As a programmer myself and having learnt and coded in over a dozen languages in the past decade, I was interested in some objective data on how the programming languages are changing in their popularity over time. It is just 9 years of data, but I wanted to see if there were any interesting trends that I could pick up, such as new languages that became popular, or evergreen languages that stood the test of time. I also wanted to see if I could bring out any correlation between the languages and the salaries as declared by the respondents.

What follows are some of the questions that I posed while doing the data analysis and an interpretation of the resultant visualization. To see the data analysis steps that I performed to get at these results, please refer to the jupyter notebooks in the Github repo.

Data Analysis

Q: Which languages are the most popular?

In order to answer this question, I had to first understand the languages being surveyed.

Number of respondents by the year

Up until 2014 there were only about 8000 respondents, whereas in 2015 this jumped to 25000, and to above 60000 in the subsequent years.

Number of languages being surveyed every year

During the initial few years, until 2014, a relatively smaller number of languages were being surveyed — around 10. In the more recent years a very large number of languages were surveyed — above 40. There were also ‘other’ languages that the respondents could answer in free text, but since the occurrence of that was quite small in comparison to the named languages, I decided to ignore them in the data set.
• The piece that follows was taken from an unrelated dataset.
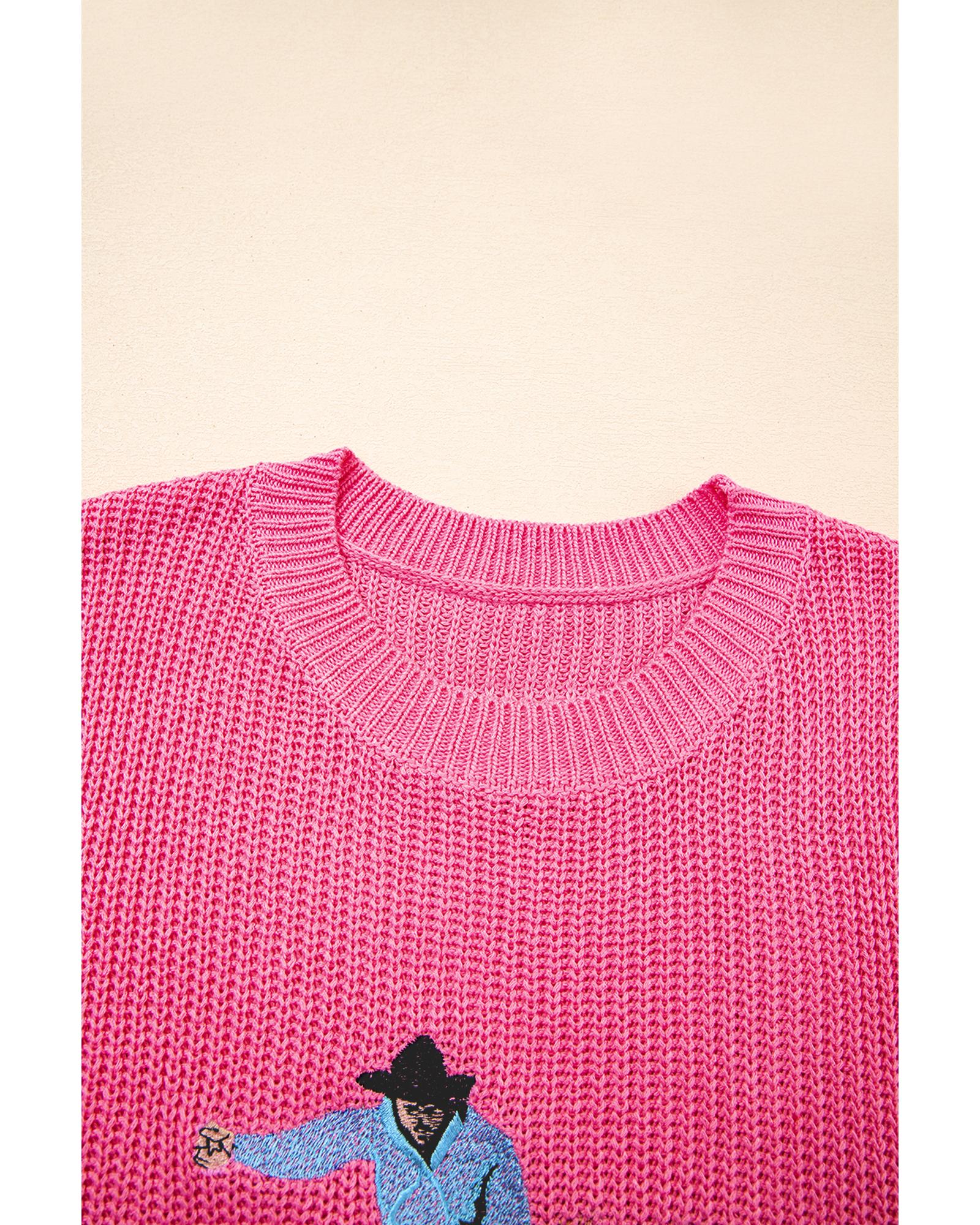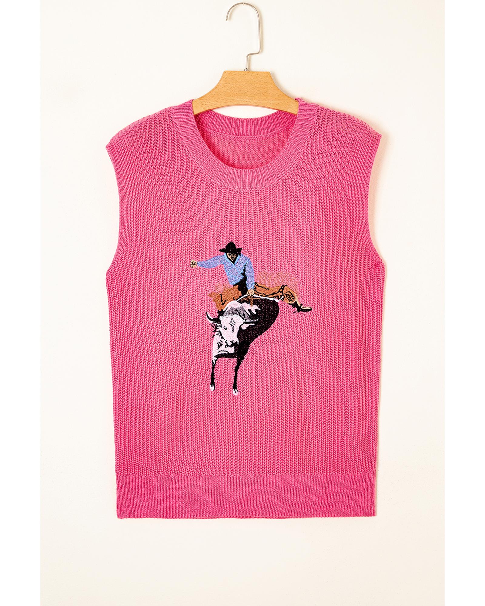 Bright Pink Western Cowboy Embroidery Round Neck Sleeveless Sweater – M
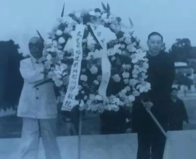 1958年,田汉(左)、梅兰芳(右)在厦门向革命烈士纪念碑献花篮

Based on the the above two data points, I decided to select the data from the years 2015 and above as there were a lot more data points that I could use in order to make a meaningful analysis.

Top 13 languages

We can see that Javascript clearly dominates in the amount of usage. This shouldn’t come as a surprise as Javascript is popular across the full stack — both in frontend engineering as well as backend engineering and hence the reach is wider. In addition, with the ease of use and increase in adoption of Node.js the usage of Javascript has grown all the more.

The second most popular language is SQL. This one came as a pleasant surprise to me. With so much increase in popularity of NOSQL as well as tools and libraries that abstract you away from SQL, it is still good to see so many respondents still writing SQL in their professional career.

Java and C/C++ are still popular as every showing that a lot of code in the world is still being written in these ‘traditional languages’. C#/.Net is very popular as well showing that Windows technologies are still popular considering the large amount of PC users. Scripting languages are popular too with Python and PHP factoring in the top 6.

I specifically want to call out the 3 languages / frameworks — Typescript, React.JS, and .Net which were only surveyed in the last 3 years of the survey, but are showing how their popularity has been increasing in recent times as their usage is on par with the more stable languages from the top 10. We’ll know more about these 3 as we see their year-on-year growth.

Q: How have the languages grown year-on-year?

Growth of languages

5 languages are showing a strong linear growth since 2017 — Javascript, SQL, Java, Python, and Node.js. Java seems to be a little muted in 2019 which has allowed Python to overtake it in terms of popularity displacing it from the 3rd position.

3 upstarts that were introduced in the survey in 2017 — React.js, Typescript, and .Net are showing a very strong linear growth as well. Interestingly, .Net didn’t show any change between 2017 and 2018, but suddenly took off in 2019 — did Windows suddenly gain popularity (maybe due to the Surface devices?) or was there some other compelling event?

Most of the other languages have plateaued and are not showing any YoY growth, including the bottom 3 languages — Visual Basic, Objective-C, and Ruby.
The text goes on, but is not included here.